You'd think at some point I would stop trying out chocolate chip cookie recipes. I've tried dozens, maybe hundreds, of recipes trying to find THE chocolate chip cookie so spectacular I'm willing to forsake all others and stop my love affair with the search for THE chocolate chip cookie. Someday. But not today.
This was linked up to Sweets for a Saturday that I participate in every week as do many others. That's the great thing about all those links - so many other foodie blogs to discover and new recipes to keep trying. Since I have made so many different chocolate chip recipes, I look for something a little extra or different to induce me to try out yet another one. What caught my eye about this one is the use of bread flour, something I've never used in a cookie recipe before. According to Alton Brown, that's supposed to make it chewy. Hmm, okay, I'll give it a shot, although none of my cookies last for a couple of days long enough to test it out but only because I keep cookie dough in the freezer and only bake off exactly what I need with no leftovers. Kate also mentioned how her other go-to recipe for chocolate chip cookies from Cook's Illustrated calls for browned butter. That's intriguing to me too so I decided to try this recipe with browned butter and see how it would turn out.

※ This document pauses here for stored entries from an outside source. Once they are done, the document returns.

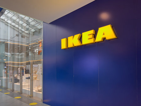 BANGKOK, THAILAND - February 25, 2024. Logo of IKEA furniture store in Bangkok. World's largest retailer of ready-to-assemble or flat-pack furniture
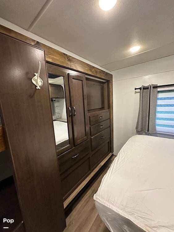 Aesthetic upgrades throughout the RV add a warm, farmhouse-style charm. The walls have been painted in soothing tones, window treatments were swapped out for zebra blinds and neutral curtains, and wooden beams and baseboards were added to enhance the overall cozy feel.
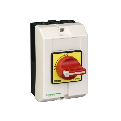 VCF0GE Komplett tokozott fő- és vészleállító kapcsoló 20A Schneider Zárt házú szakaszolókapcsoló Vario VCF, 3-pólusú, 20A. termékcsalád: TeSys - termék neve: TeSys VARIO - készülék rövid megnevezése: VCF - teljesítmény szint: nagy teljesítményű - fo
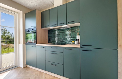 Located in the middle between Esbjerg and Vejle, your vacation home offers you a wonderful opportunity to enjoy the beauty and tranquillity of the Danish countryside. Spend a relaxing time here with the whole family. Your vacation home impresses with its modern yet cozy furnishings. The open kitchen is spacious and well-equipped for preparing meals together. Light colors and natural materials create an inviting atmosphere, and the large windows let in plenty of light. Enjoy the beautiful view of the garden while dining or relaxing in the sofa area.
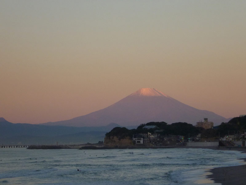 朝日に照らされた富士山がピンク色に染まっていました。北斎の凱風快晴みたいですが、風は南(凱風)ではなくオフショア。北風です。
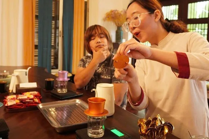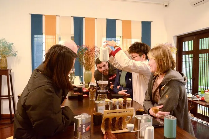 Du tauchst direkt in Hanois lebendige Kaffeekultur ein – frische Bohnen riechen, sechs verschiedene Zubereitungen ausprobieren (Eierkaffee ist ein Erlebnis), hausgemachte Fruchtliköre probieren und mit lokalen Experten in einer lichtdurchfluteten Villa lachen. Hands-on Spaß und Geschmackserlebnisse, die du so schnell nicht vergisst.
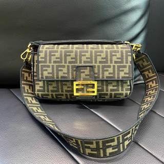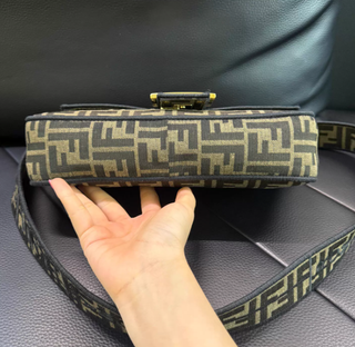 Bolso de hombro Fendi con el icónico estampado Zucca. - Diseño clásico en lona. - Detalles metálicos dorados. - Correa ajustable para llevar al hombro.
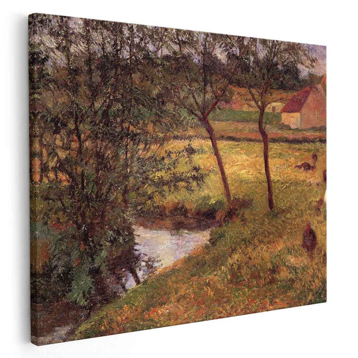 Immerse yourself in the enchanting world of Paul Gauguin's "Stream in Osny," painted in 1883. This idyllic landscape, now effortlessly reproduced on high-quality canvas, invites you to explore its hidden depths and unravel the artist's personal and artistic journey.
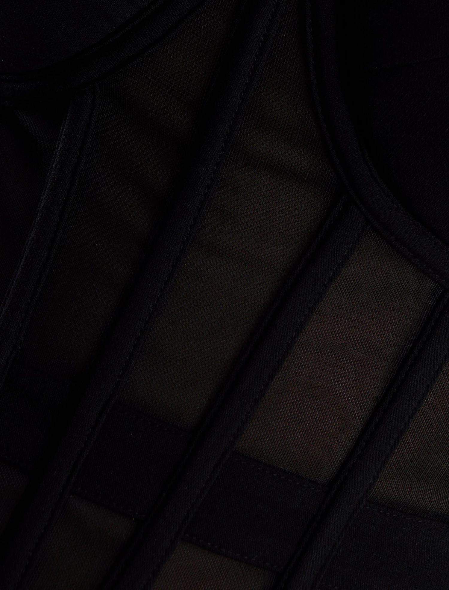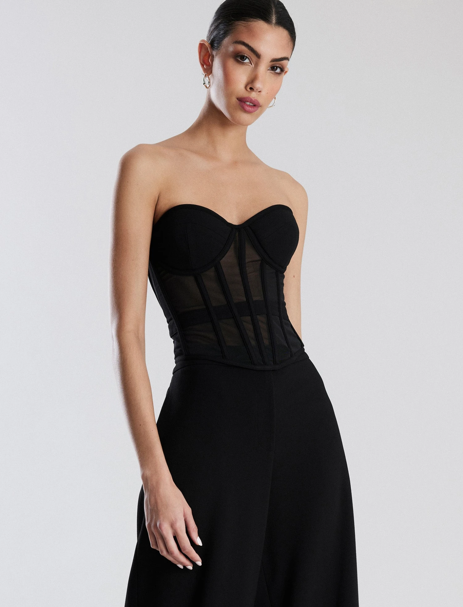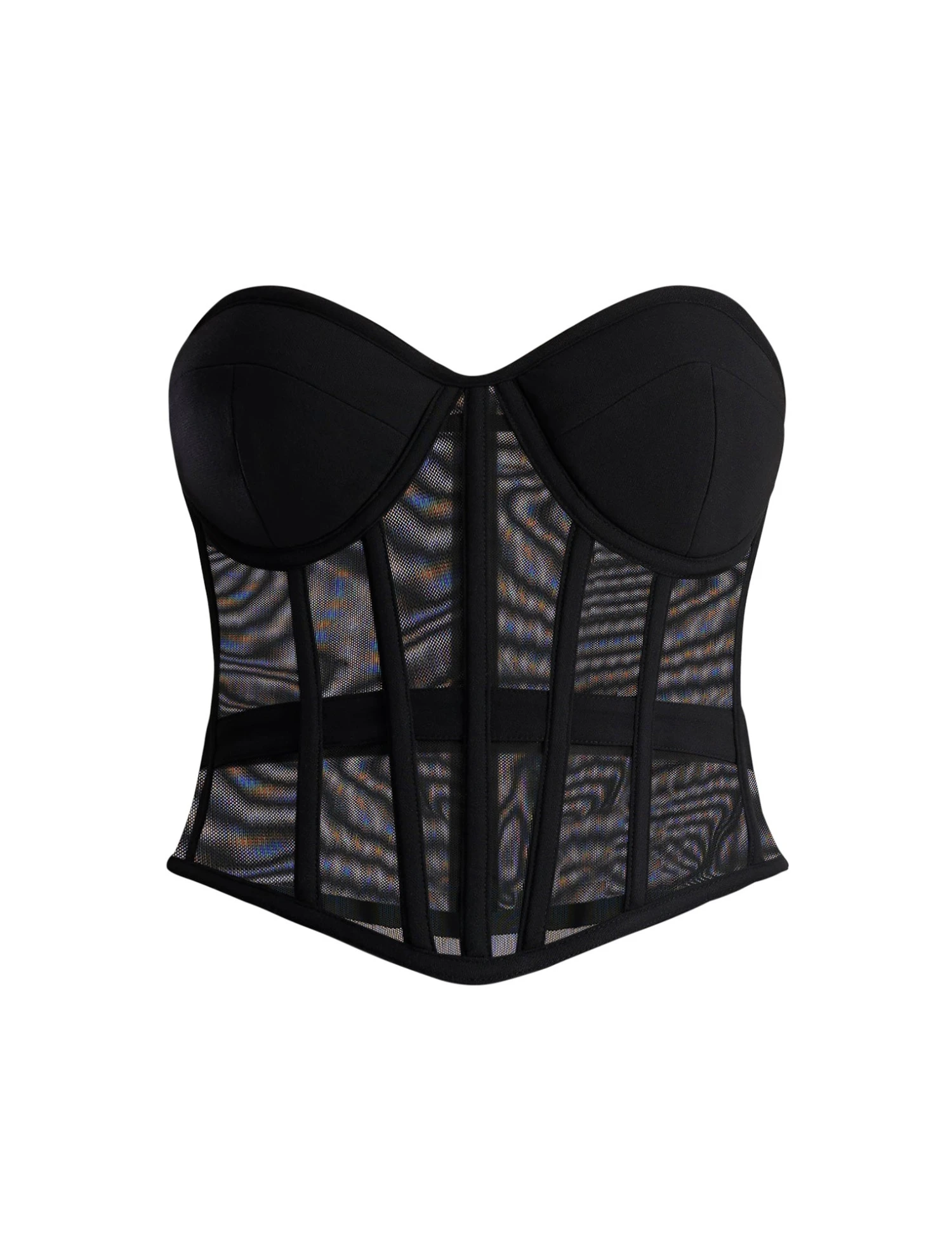 Stunning black form-fitting bustier top cut from mesh in a strapless silhouette. Done with a sweetheart neckline and a semi sheer boned bodice. Finished with an exposed back zipper closure.
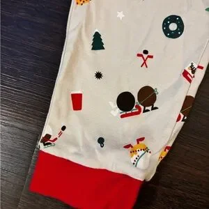 Celebrate the season with this festive men's pajama set Featuring a playful holiday pattern on a beige background with vibrant red accents, it's perfect for adding a touch of cheer to your wardrobe.
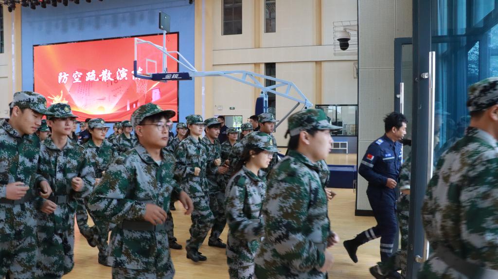 适逢九一八事变爆发94周年,活动伊始,现场播放教育视频并集体默哀,重温习近平总书记在纪念中国人民抗日战争暨世界反法西斯战争胜利80周年大会上的重要讲话精神,并进行防空疏散演练。
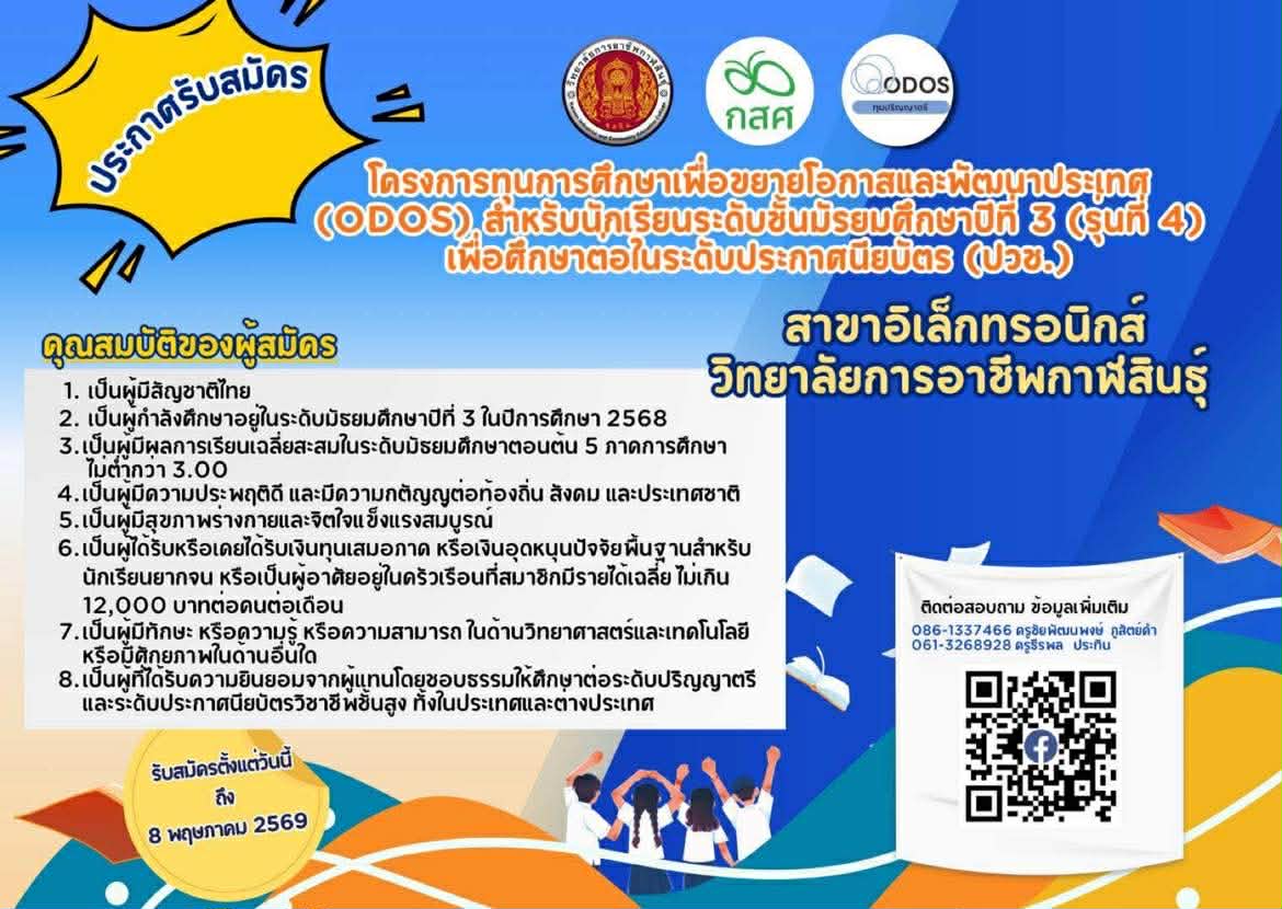 ประกาศรับสมัคร: ทุนการศึกษาโครงการ ODOS (รุ่นที่ 4) โอกาสดีๆ สำหรับน้องๆ ม.3 ที่อยากเรียนต่อสายอาชีพ! วิทยาลัยการอาชีพกาฬสินธุ์ เปิดรับสมัครนักเรียนเข้าโครงการ "ทุนการศึกษาเพื่อขยายโอกาสและพัฒนาประเทศ (ODOS)" ในสาขา อิเล็กทรอนิกส์ เพื่อเข้าเรียนต่อในระดับ ปวช.
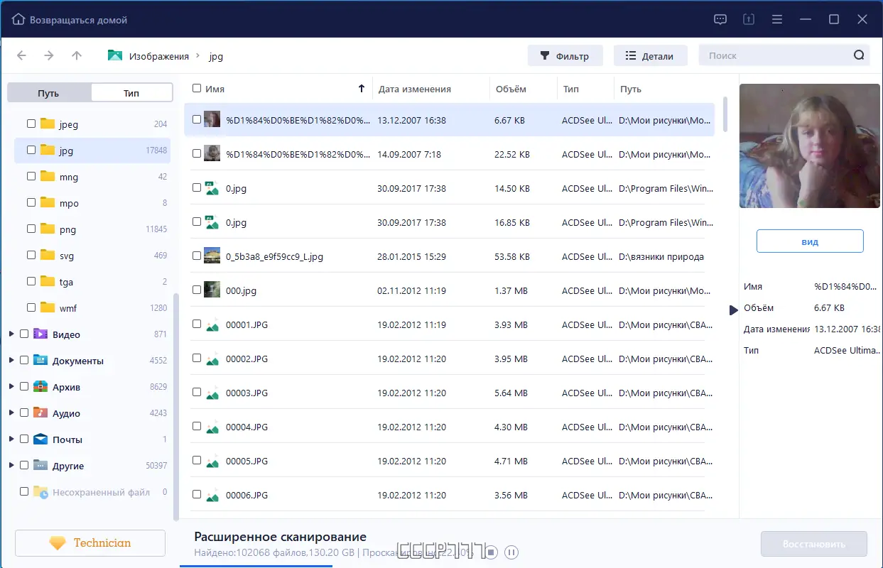 - Возможность предварительного просмотра файлов перед восстановлением.
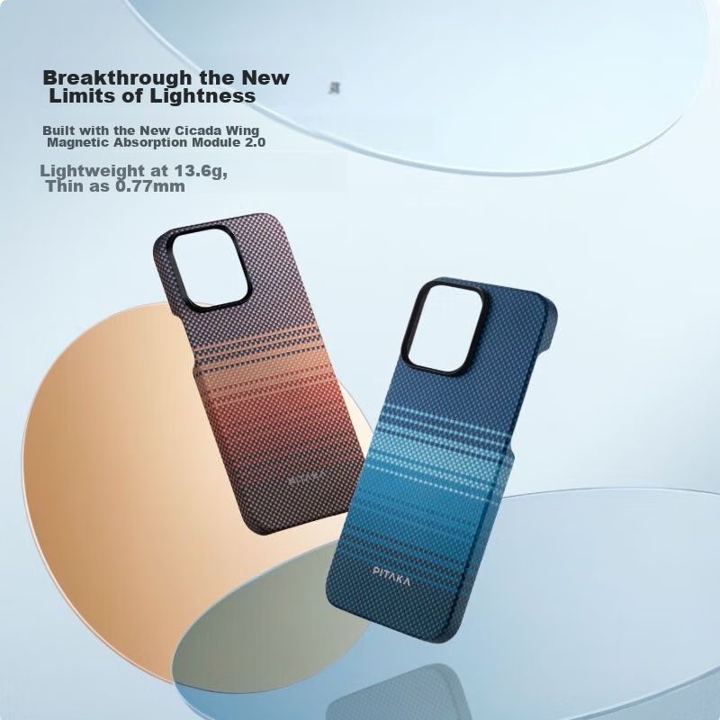 TelefoníaAccesorios para celularesFundas para CelularFunda Para IPHONE 15 Pro Max Pitaka Magezcase5 Kevlar Magsafe Ultra Fina Sunset Moonrise
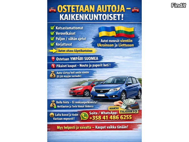 - Bilar i alla skick köpes/kaikenkuntoiset autot ostetaan
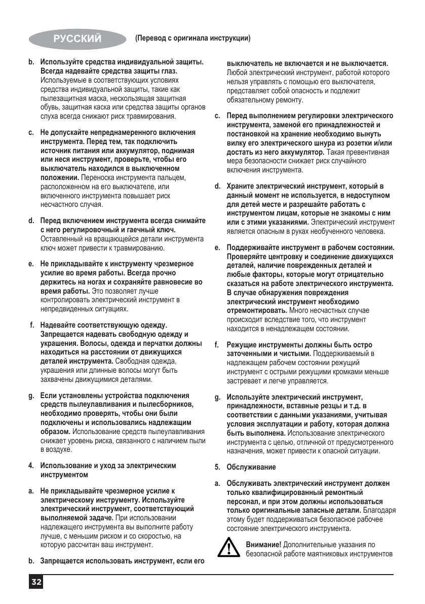 безопасной работе маятниковых инструментов
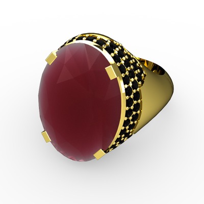 Kök yakut ve siyah zirkon 925 ayar altın kaplama gümüş yüzük
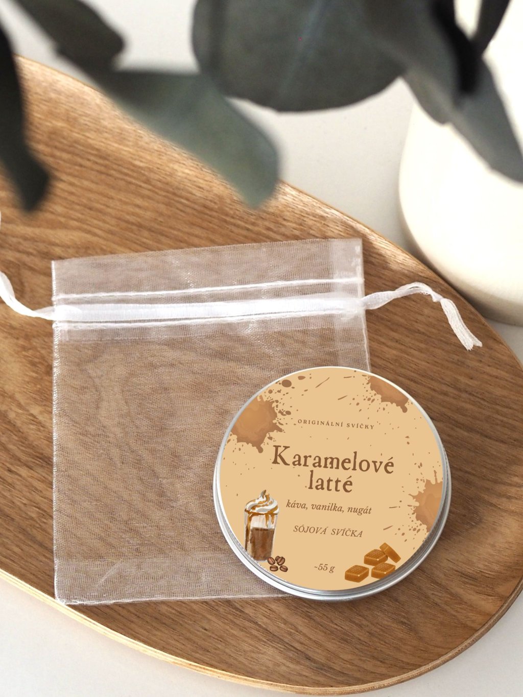 Roztomilá malá svíčka v plechovce Karamelové latté. Sladší krémová vůně kávy, vanilky a nugátu. Ideální jako dárek, cestovní balení i zkušební svíčka.
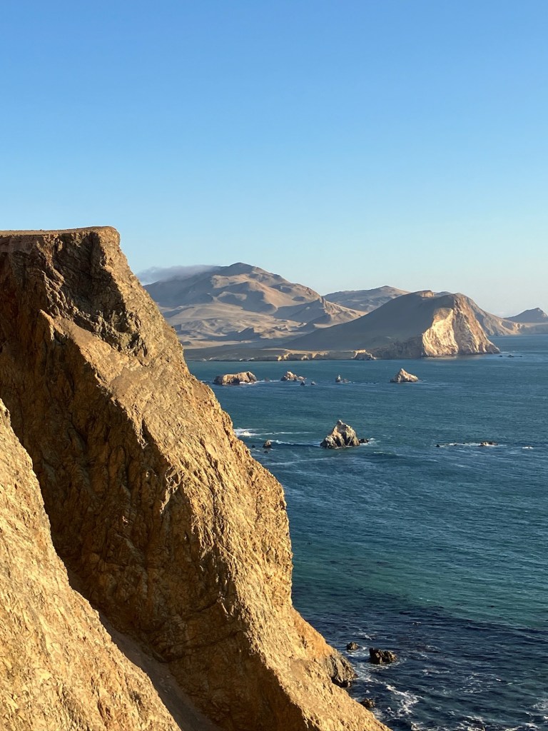 The bus had left, but one man remained to show us the way. We hiked up a steep ridge to behold the views from above. This gave us views of the surrounding sea cliffs and rock spires piercing the ocean surface. The ridge we walked along was high. Can’t say for sure how high, but it would take at least ten seconds for something to hit the water. For a while we walked along this ridge until sunset. The rock formations over the water were stunning. Like something out of Star Wars. I couldn’t believe -and still can’t- that it was the same country that shared the lush Amazon rainforest. The speechless feeling I attempted to describe to hook my readers was what I felt in Paracas National Park.

Browned butter is what it sounds like: instead of merely melting the butter to liquid, you keep heating it until the milk solids in the butter turn brown and take on an aromatic nutty flavor. Be careful when you brown the butter and don't use too small of a saucepan as it does bubble up and you don't want it to spillover. Keep stirring it as you want it to brown, not burn and the bubbling of the butter may keep you from seeing how brown the liquid underneath is getting. You'll know when it's done by the fragrance - nothing smells as good as browned butter. It will also be, appropriately enough, brown. Once you've browned the butter, let it cool until it's lukewarm. You don't want to make the dough while the butter is still too hot. It might cook the eggs before you completely incorporate them or melt your chocolate chips.
I needed the cookies to serve at my afternoon dessert party for my cousins and their families but one of my 6-year-old guests doesn't like chocolate. But he will eat white chocolate (I call it "vanilla chips" when I talk to him but they're really white chocolate, shhh) so I split the cookie dough in half before I added white chocolate chunks to one half of the dough and milk chocolate chips to the other half. I've included the modifications I've made to the recipe below. If you want the original one, please click back on the title of this post to take you to the recipe on Kate's blog. I will say that the cookie dough smelled really good so if you're the type to snitch cookie dough, this might tempt you and not leave enough dough to be baked. Fortunately I don't believe in eating raw cookie dough so all I did was sniff and inhale.
The cookies turned out pretty well. They stayed thick and baked up nicely chewy in the middle and a little crisp at the edges. The browned butter taste didn't quite come through like I had hoped but it was still pretty good. I don't think I'd give up my quest for THE chocolate chip cookie just yet but this is a nice addition to my repertoire of "how many different chocolate chip cookies can I make?".
On a completely separate note, one of my online fitness friends said she met Alton Brown in person and that he was really a nice guy. Love hearing that. Thanks for the cookie recipe, Alton.
1 cup (2 sticks) unsalted butter
2 1/4 cups bread flour
1 teaspoon salt
1 teaspoon baking soda
1/4 cup granulated sugar
1 1/4 cups brown sugar
1 egg + 1 egg yolk
2 tablespoons milk
1 1/2 teaspoons vanilla extract
2 cups semisweet, milk or white chocolate chips or any combination (your choice)
- Melt the butter in a saucepan over low heat and keep stirring/cooking until butter has turned brown and has a nutty fragrance. Pour in a large mixing bowl (or bowl of your stand mixer) and set aside to cool to lukewarm.
- In a separate bowl, sift the flour, salt, and baking soda together. Set aside.
- Add the sugar and brown sugar to the melted butter and cream on medium speed, about 2 minutes. Add the egg, yolk, milk, and vanilla extract and mix until combined.
- With the mixer on low, slowly add the flour mixture until combined. Stir in the chocolate chips.
- Portion into cookie dough balls using an ice cream scoop and chill the dough balls at least two hours or overnight.
- When your dough is chilled, preheat oven to 375 degrees F and line a baking sheet with parchment paper.
- Place dough balls on the cookie sheet, leaving ample room between them, as they spread while baking.
- Bake for about 15 minutes, or until golden brown. Cool for a few minutes on the baking sheet before transferring to a rack to cool. Store in an airtight container.